- Church: Catholic Church
- Archdiocese: Roman Catholic Archdiocese of Canberra and Goulburn
- Province: Immediately Subject to the Holy See
- See: Canberra and Goulburn
- Installed: 25 June 1983
- Term ended: 19 June 2006
- Predecessor: Edward Bede Clancy
- Successor: Mark Coleridge
- Previous posts: Coadjutor Bishop of Wagga Wagga (1967-1968) Titular Bishop of Tasaccora (1967–1968) Bishop of Wagga Wagga (1968–1983)

Orders
- Ordination: 27 July 1954, Wagga Wagga, New South Wales by Francis Henschke, Bishop of Wagga Wagga
- Consecration: 5 September 1967, Wagga Wagga, New South Wales

Personal details
- Born: Francis Patrick Carroll 9 September 1930 Ganmain, New South Wales, Australia
- Died: 14 March 2024 (aged 93) Wagga Wagga, New South Wales, Australia
- Buried: St Christopher's Cathedral, Canberra
- Denomination: Roman Catholic
- Parents: Patrick and Rose Carroll
- Occupation: Cleric
- Profession: Roman Catholic Bishop
- Motto: Nova et Vetera (New and Old)

= Francis Carroll (archbishop of Canberra and Goulburn) =

Australian Catholic bishop (1930–2024)

Francis Patrick Carroll (9 September 1930 – 14 March 2024) was an Australian archbishop, the fifth Roman Catholic Archbishop of Canberra–Goulburn, serving between 1983 until his retirement in 2006. Prior to his election as archbishop, Carroll served as Bishop of Wagga Wagga between 1968 and 1983. Carroll served as president of the Australian Catholic Bishops Conference between 2000 and 2006. He died in Wagga Wagga on 14 March 2024, at the age of 93.

==Early career==
Carroll was born in Ganmain, New South Wales, the second of seven children of Patrick and Rose Carroll. He was ordained a priest in 1954 in St Brendan's Church, Ganmain. After service in Griffith and Albury, Carroll was appointed to the role of Assistant Diocesan Inspector of Schools and became Director of Catholic Education for the Diocese of Wagga Wagga in 1965.

==Episcopate==
In 1968 he was appointed the third Bishop of Wagga Wagga by Pope Paul VI. He was a spiritual director to the Cursillo movement and was a member of the first National Catholic Education Commission (from 1969 to 1971). In 1974, he was appointed to the International Catechetical Commission, an appointment he held for 18 years. He was the Australian representative at the Synod of Bishops on Catechesis in 1977 and was the first chairperson of the National Catholic Education Commission from 1974 to 1978, remaining a member until 1988.

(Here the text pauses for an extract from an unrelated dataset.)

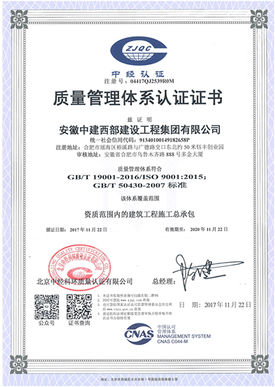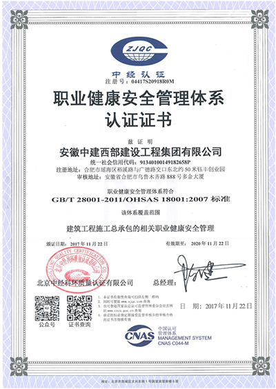 2017年11月14日上午9时,安徽中建西部建设集团工程有限公司顺利通过了由北京中经科环质量认证有限公司组成的专家审核组的质量、环境、职业健康安全“四标一体化”管理体系认证审核。

In 1983 he was appointed Archbishop of Canberra – Goulburn with his seat at St Christopher's Cathedral, Manuka, Australian Capital Territory. In 1986, he welcomed John Paul II on his arrival in Australia.

Popularly known as "Father Frank", he served the Church in Canberra for 23 years. The development of Catholic schools in the archdiocese is a significant part of his legacy, in addition to his role in helping to bring about government aid to private schools in Australia.

He was also the first Australian bishop to call a diocesan synod since the Second Vatican Council. It was held in Canberra during 1989 with a subsequent synod in 2004. The synod's recommendations accepted by the archbishop were the formation of a commission for women, a commitment to resource and support the Catholic youth ministry team for a period of five years, the embracing of the concept of encouraging parishes to implement family-based sacramental programs and calling on parishes to consider the employment of pastoral associates possibly in conjunction with neighbouring parishes. However, the synod's proposals were not without their detractors.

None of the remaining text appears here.